There are universal divisibility tests for a number, such that divisibility by 7 (for instance) can be tested in any base, even in one having no useful relationship to the number 7. The really handy tests, however, are the fortuitous divisibility tests, those based on the relationships a number base happens to have: the divisor and neighbour relationships. All the dozenal divisibility tests described above are fortuitous tests.
The fortuitous tests are of two main classes: modulo 0 tests and modulo ±1 tests.
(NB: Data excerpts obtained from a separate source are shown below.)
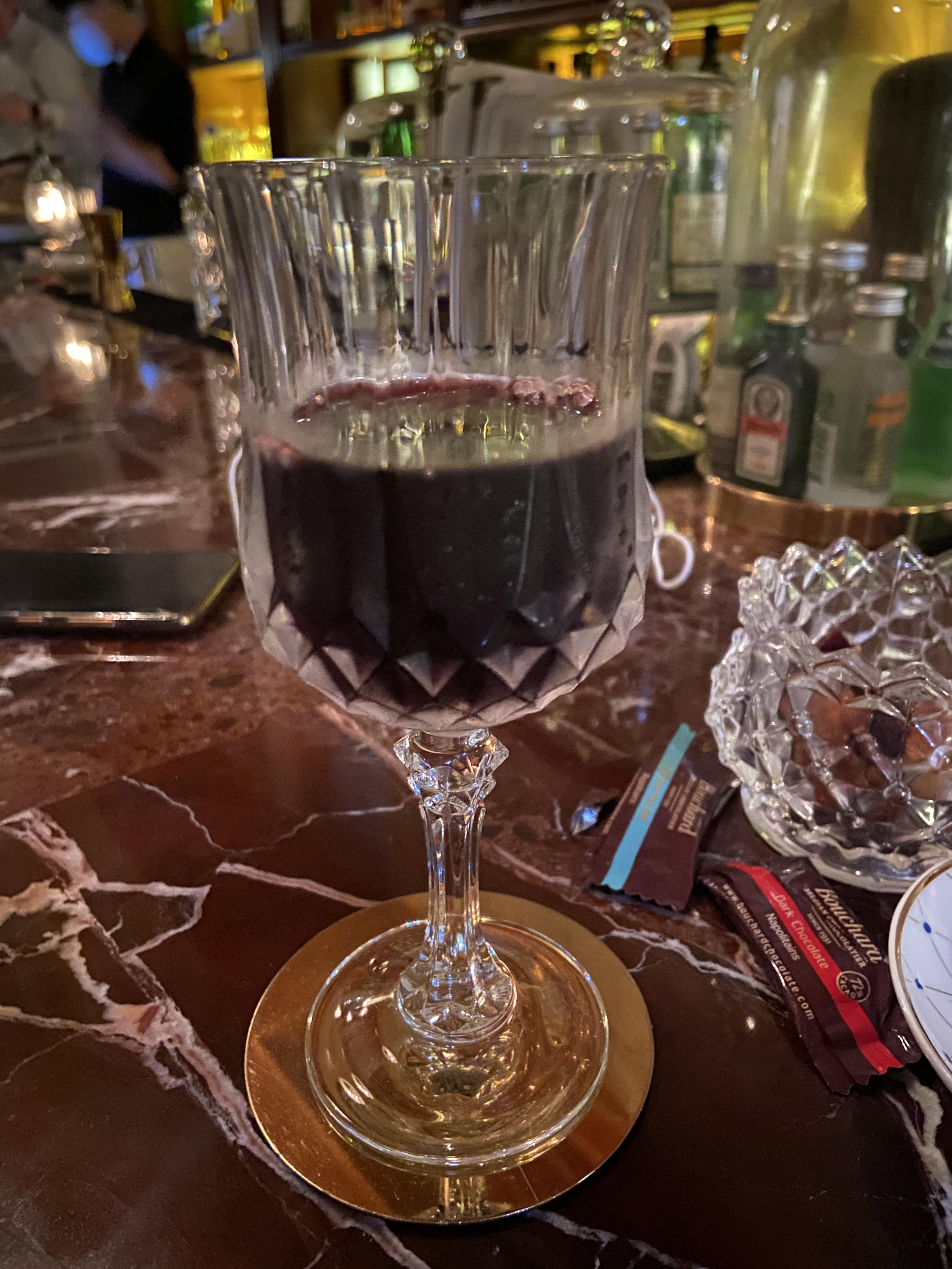 친구는 마지막으로 레드 와인 글라스로 마셨습니다.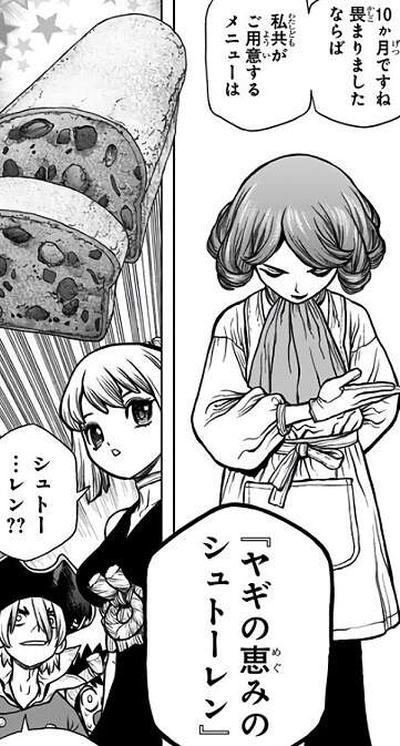 黒焦げの固いパンしか作れなかった千空と龍水は、理想のパンがどうしても欲しいと、プロのシェフを石化から復活させようとします。龍水は女記者の南が、石化復活液を隠し持っていると推測し、南と取引をして龍水の執事のフランソワを復活させます。フランソワはシェフとしての腕も確かで、現代の有名パン屋と比べても遜色のない『ヤギの恵みのシュトーレン』を作り、保存食問題をクリアします。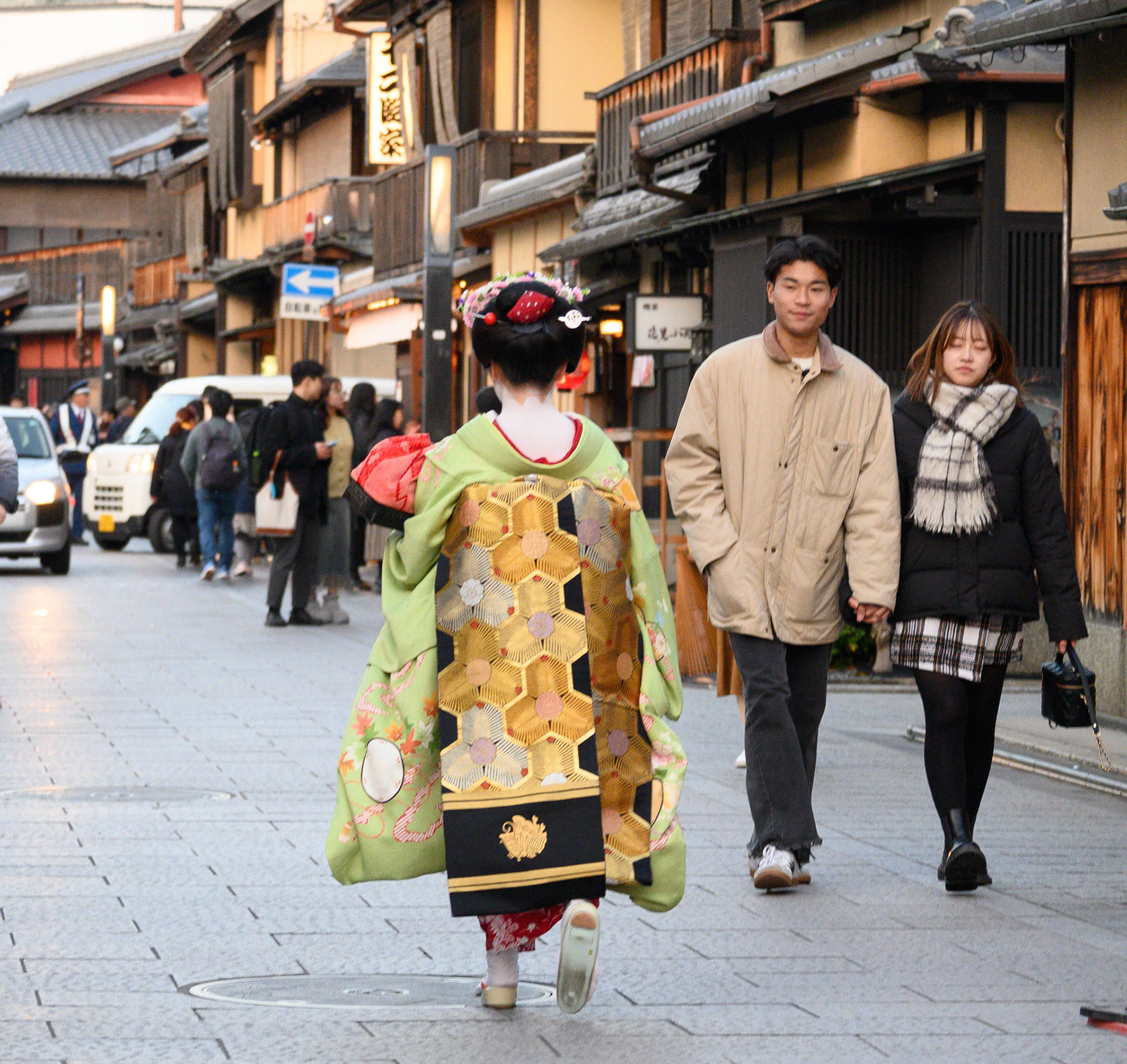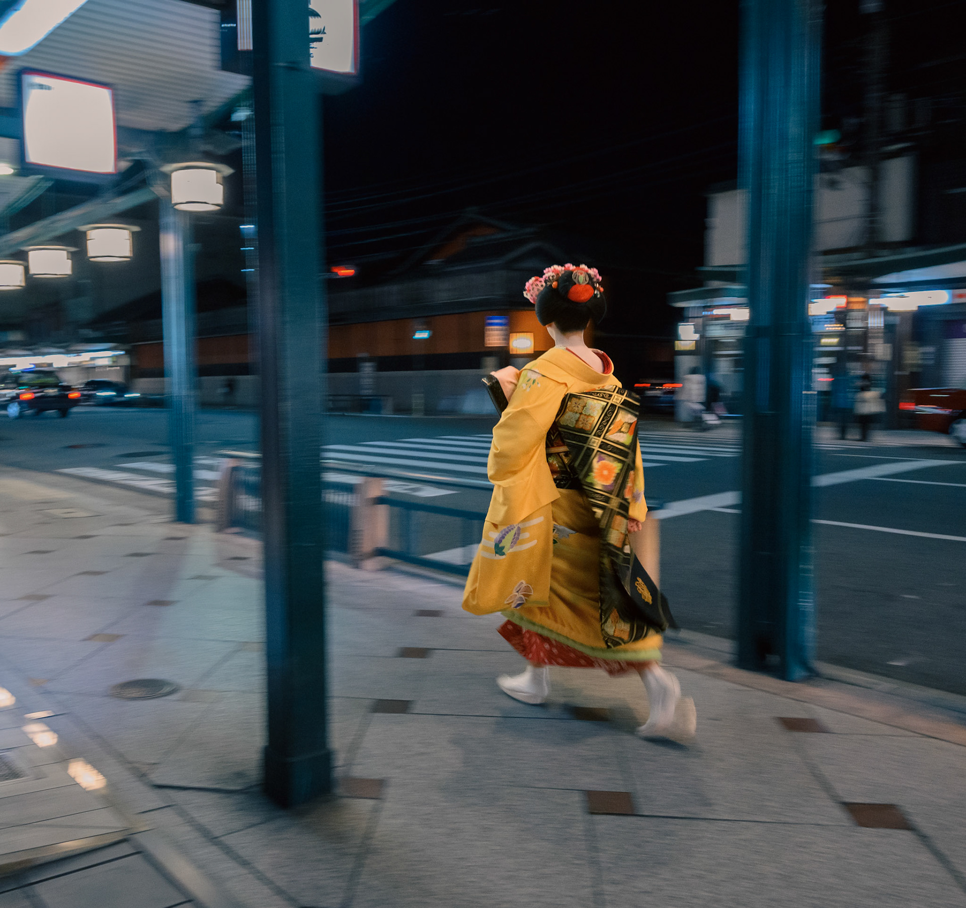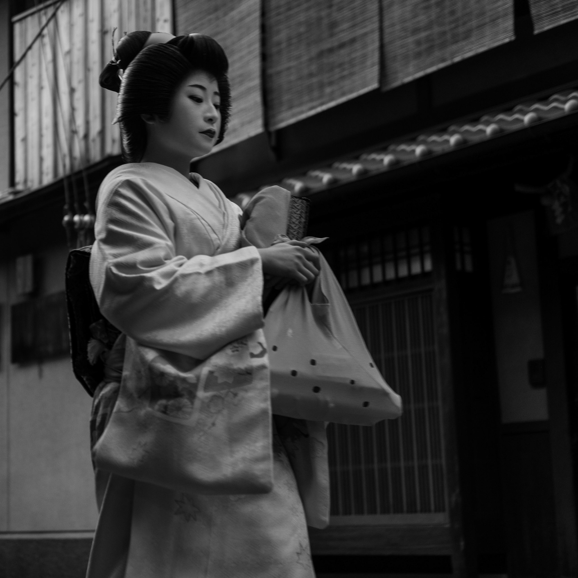 Maiko Geisha walking through the Gion district, going to tea ceremonies.

The modulo is the remainder after dividing by the number: the modulo 0 tests are those of numbers that leave no remainder when 10 or one of its powers is divided by them (example: 100/14 = 9 without a remainder, 1000/23 = 54 without a remainder, 1000/28 = 46 without a remainder), while the modulo ±1 tests leave a remainder of 1 or −1 (examples: 10/E = 1 with a remainder of 1; 100/5 = 25 with a remainder of −1, 1000/7 = 187 with a remainder of −1). The crucial difference for divisibility testing is that modulo 0 tests scale up until they are no longer practicable, while modulo ±1 tests scale down by inheritance.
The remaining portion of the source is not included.